Cytokinesis block (if used):
Micronuclei should only be evaluated in cells that have completed mitosis during exposure to the test substance or during the post-exposure period and thus a cytokinesis blocker, cytochalasin B, is added to the cell culture to ensure that there are binucleated cells to be evaluated for micronuclei (Rosefort et al, 2004).
Metabolic activation:
with and without
Metabolic activation system:
Phenobarbital/β-naphthoflavone induced rat liver S9 was used as the metabolic activation system. The S9 was prepared from male Wistar rats (RjHan:WI; Janvier Labs, 53941 Saint-Berthevin Cedex, France) induced by peroral administration of 80 mg/kg b.w. phenobarbital (Sigma-Aldrich Chemie GmbH, 82024 Taufkirchen, Germany) and by peroral administrations of ß-naphthoflavone (Acros Organics, 2440 Geel, Belgium) each, on three consecutive days. The livers were prepared 24 h after the last treatment. The S9 fractions were produced by dilution of the liver homogenate with a KCl solution (1+3 parts) followed by centrifugation at 9000 g. Aliquots of the supernatant were frozen and stored in ampoules at –80 °C. Small numbers of the ampoules can be kept at –20 °C for up to one week.

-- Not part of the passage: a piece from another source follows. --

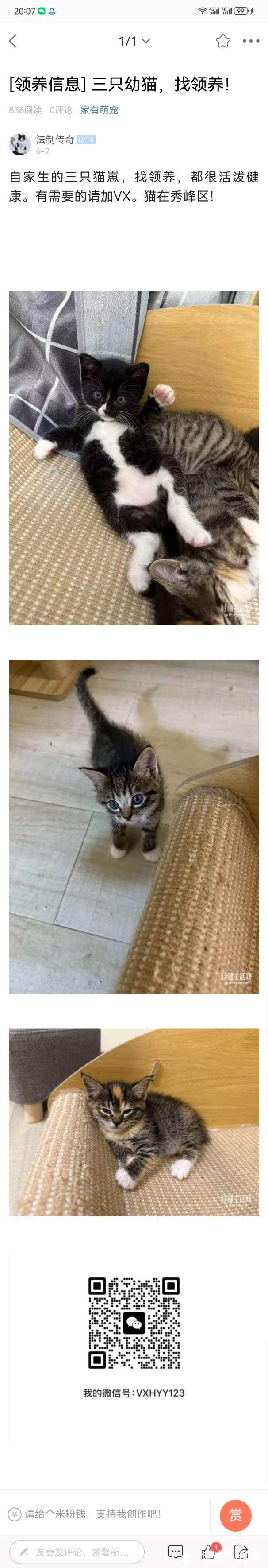 之前发布的领养信息,还有两只小猫没有找到领养,喜欢的请联系主人!

Each batch of S9 is routinely tested for its capability to activate the known mutagens benzo[a]pyrene and 2-aminoanthracene in the Ames test (Ames et al, 1975). An appropriate quantity of S9 supernatant was thawed and mixed with S9 cofactor solution to result in a final protein concentration of 0.75 mg/mL in the cultures. S9 mix contained MgCl2 (8 mM), KCl (33 mM), glucose-6-phosphate (5 mM) and NADP (4 mM) in sodium-ortho-phosphate-buffer (100 mM, pH 7.4). The protein concentration of the S9 preparation was 31.7 mg/mL (Lot no. 200220).

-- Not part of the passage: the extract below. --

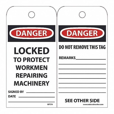 Nmc Tags - Danger - Locked To Protect Workmen Repairing Machinery Signed By___ Date___ Do Not Remove This Tag See Other Side - White

Test concentrations with justification for top dose:
Test substance concentrations ranging from 13.0 μg/mL to 2000 μg/mL (with and without S9 mix) were chosen for evaluation of cytotoxicity in the pre-experiment. The highest concentration was chosen with regard to the substance's molecular weight. Considering the cytotoxicity data of the pre-test, 150 μg/mL (with and without S9 mix) was chosen as top treatment concentration for Experiment I.
Experiment I, without S9: 8.8, 15.4, 26.9, 35.0 µg/mL
Experiment I, with S9: 5.0, 8.8, 15.4, 35.0 µg/mL
Vehicle / solvent:
Dimethylsulfoxide (DMSO)
Untreated negative controls:
no
Negative solvent / vehicle controls:
yes
True negative controls:
no
Positive controls:
yes
Positive control substance:
cyclophosphamide
mitomycin C
Remarks:
Mytomycin C without S9, cyclophosphamide with S9
Details on test system and experimental conditions:
Preliminary Cytotoxicity Assay: A preliminary cytotoxicity test was performed to determine the concentrations to be used in the main experiment. The pre-test was performed with 10 concentrations of the test item separated by no more than a factor of √10 and a solvent and positive control. All cell cultures were set up in duplicate. Exposure time was 4 h (with and without S9 mix). The preparation interval was 40 h after start of the exposure.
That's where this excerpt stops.